At least three tents were spotted in the woodland beside the company’s Dunfermline site in Scotland and advocates say some workers are opting to sleep outdoors to save money, as they’re currently paid little more than the minimum wage for working up to 60 hours a week.
“Amazon should be ashamed that they pay their workers so little that they have to camp out in the dead of winter to make ends meet,” Scottish Liberal Democrat leader Willie Rennie told local newspaper The Courier.
“Amazon need to take a long, hard look at themselves and change their ways,” he continued. “They pay a small amount of tax and received millions of the pounds from the SNP Government so the least they should do is pay the proper living wage.”

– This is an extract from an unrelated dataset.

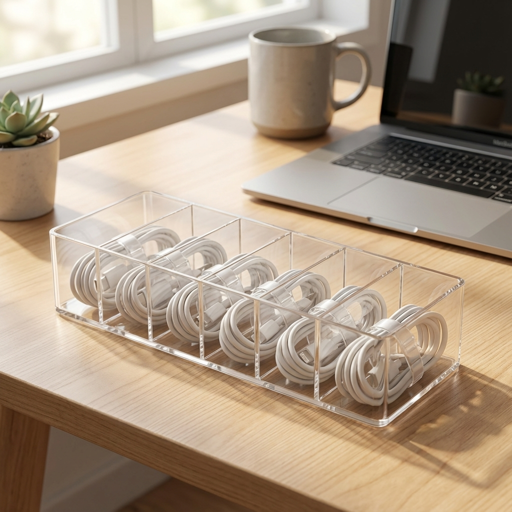 “I love that it’s clear and dust-proof. I can see exactly which cable I need without digging through a drawer.” – Taylor M.

Amazon employs around 1,500 staff on a permanent basis at its Dunfermline fulfilment centre but has created 4,000 seasonal jobs to help cover the busy Christmas and New Year period.

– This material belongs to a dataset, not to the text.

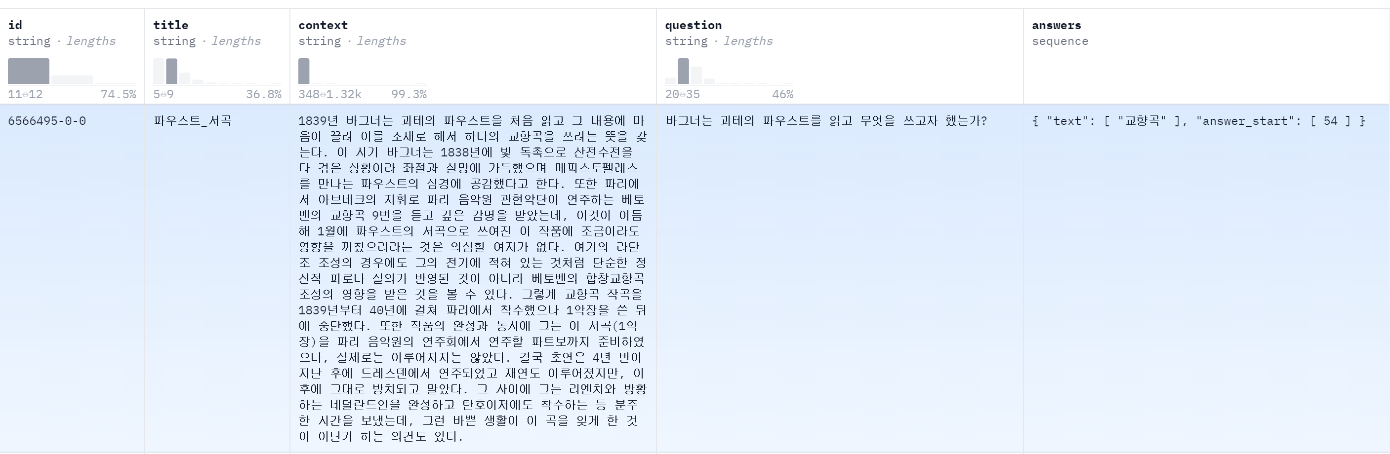 위 사진과 같이, 위키백과의 제목(title), 내용(context), 내용을 바탕으로 생성된 질문(question), 질문에 대한 답변(answers)로 이루어져 있다.

A spokesperson from the firm staunchly denied allegations of being a poor employer and said Amazon provides a safe and positive workplace for all employees.
“The safety and wellbeing of our permanent and temporary associates is our number one priority,” they said. “We are also proud to have been able to create several thousand new permanent roles in our UK fulfilment centres over the last five years.”
Earlier this year, Rennie demanded the multinational receive no more public cash until it could guarantee higher wages for workers, amid suggestions that some staff were paid well below the current living wage of £8.45 an hour.
“We pay competitive wages,” countered the firm. “All permanent and temporary Amazon associates start on £7.35 an hour or above regardless of age and £11 an hour and above for overtime.”
General manager Paul Ashraf acknowledged that Christmas was a testing time of year for employees at Amazon but insisted the company cares about its staff.
“We know it’s a very intense time for them, as it’s a month of hard work for everybody, but we’ve got to make sure that it’s safe for them and that they have fun along the way,” he said. “It’s hard work at this time of year, of course it is.”
Ashraf also said Amazon did its best to make things easier during particularly challenging periods and said there had been DJs on every floor for Black Friday as well as tombolas and raffles.
“While we’re doing that, we make sure we keep people here safe, so it’s all about safety first, and make sure that from an associate experience point of view we try and have as much fun as possible.”
Online retail giant Amazon has come under fire this week after it was reported that some workers are sleeping in tents close to their workplace as a result of long hours and low wages.